Assassinat du dirigeant du Hamas, Ismaïl Haniyeh, à Téhéran : le Guide suprême iranien promet un « châtiment sévère » à Israël

Ismaïl Haniyeh, le dirigeant politique du mouvement terroriste Hamas, a été tué lors d’une frappe à Téhéran, ont annoncé les « Gardiens de la Révolution », en Iran, ainsi que le mouvement islamiste palestinien, engagé dans un conflit avec Israël dans la bande de Gaza. Haniyeh venait de prendre part à l’investiture du nouveau président iranien Massoud Pezeshkian.

Les « Gardiens de la révolution », l’armée idéologique de la République islamique iranienne, ont affirmé, ce mercredi 31 juillet, que le chef politique du mouvement terroriste islamiste palestinien Hamas depuis 2017, Ismaïl Haniyeh, avait été tué à Téhéran avec l’un de ses gardes du corps.

« La résidence d’Ismaïl Haniyeh, chef du bureau politique de la résistance islamique du Hamas, a été touchée à Téhéran, et en conséquence de cet incident, lui et l’un de ses gardes du corps sont morts en martyrs », a annoncé le corps des « Gardiens de la révolution » dans un communiqué sur son site d’information « Sepah ».

L’ayatollah iranien Ali Khamenei a promis des représailles après la mort du dirigeant politique du Hamas. « Nous considérons qu’il est de notre devoir de venger le sang [d’Ismaïl Haniyeh] qui a été versé sur le territoire de la République islamique d’Iran », a déclaré, dans un communiqué publié par l’agence de presse officielle IRNA, l’ayatollah Ali Khamenei.

« (Notre) frère, le dirigeant, le mujahid Ismaïl Haniyeh, le chef du mouvement, est mort dans un raid sioniste contre son quartier général à Téhéran après sa participation à l’investiture du nouveau président » iranien, a écrit dans la foulée le Hamas dans un communiqué. Un peu plus tard, un haut responsable du Hamas, Taher al-Nounou, a déclaré qu’il s’agissait d’un « ciblage direct » de Haniyeh dans sa résidence de la capitale iranienne. « Le mode opératoire (de l’assassinat) sera déterminé par nos homologues iraniens qui mènent des enquêtes », a ajouté Taher al-Nounou dans un communiqué. « L’occupation (Israël, ndlr) est responsable de cet attentat et les États-Unis en portent également la responsabilité », a-t-il encore déclaré.

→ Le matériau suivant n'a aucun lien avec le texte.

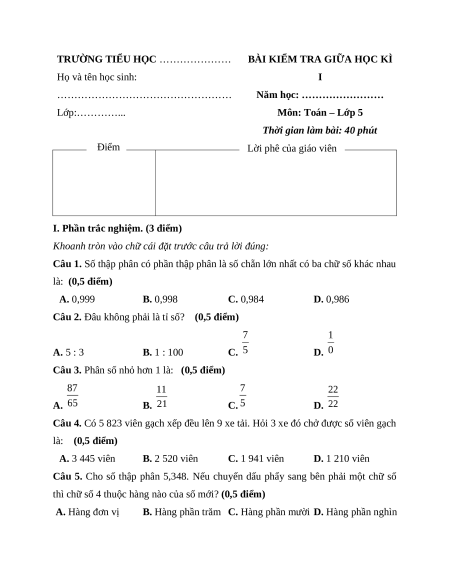 Câu 1. Số thập phân có phần thập phân là số chẵn lớn nhất có ba chữ số khác nhau là: (0,5 điểm) A. 0,999 B. 0,998 C. 0,984 D. 0,986

« L’assassinat du leader Ismaïl Haniyeh est un acte lâche et ne restera pas vain », a pour sa part dit Musa Abu Marzouk, membre du bureau politique du Hamas, dans des propos repris par « CNN ». Pour sa part, le président de l’Autorité palestinienne, Mahmoud Abbas, a condamné un « lâche assassinat » du chef politique du Hamas.

Abdoul Salam Ismaïl Haniyeh, fils de Haniyeh, a affirmé que son père avait « obtenu ce qu’il voulait » et a souligné que la lutte contre l’occupation israélienne se poursuivra. Il a ajouté que la résistance ne cessera pas avec l’assassinat des dirigeants et que le Hamas continuera à se battre jusqu’à la libération.

Ismaïl Haniyeh était en Iran pour l’investiture du nouveau président iranien, Massoud Pezeshkian. Il avait quitté la bande de Gaza en 2019 et vivait en exil au Qatar. L’Iran n’a pas encore fourni de détails supplémentaires sur la mort de Haniyeh, mais a annoncé l’ouverture d’une enquête dont les résultats seront publiés dans la journée.

L’Associated Press rapporte qu’un porte-parole de l’armée israélienne n’a pas confirmé l’implication d’Israël dans cette attaque.

Lors de son discours d’investiture, Massoud Pezeshkian, un réformateur, a condamné les « crimes » d’Israël en Palestine, tandis que des Iraniens présents scandaient « Mort à Israël ! Mort à l’Amérique ! ». Pezeshkian a affirmé que le soutien à la cause palestinienne se poursuivra avec force et que rien ne pourra altérer cette volonté. L’Iran, qui ne reconnaît pas l’État israélien, fait du soutien à la cause palestinienne une priorité depuis la « Révolution islamique » de 1979 et l’instauration de sa dictature religieuse islamique.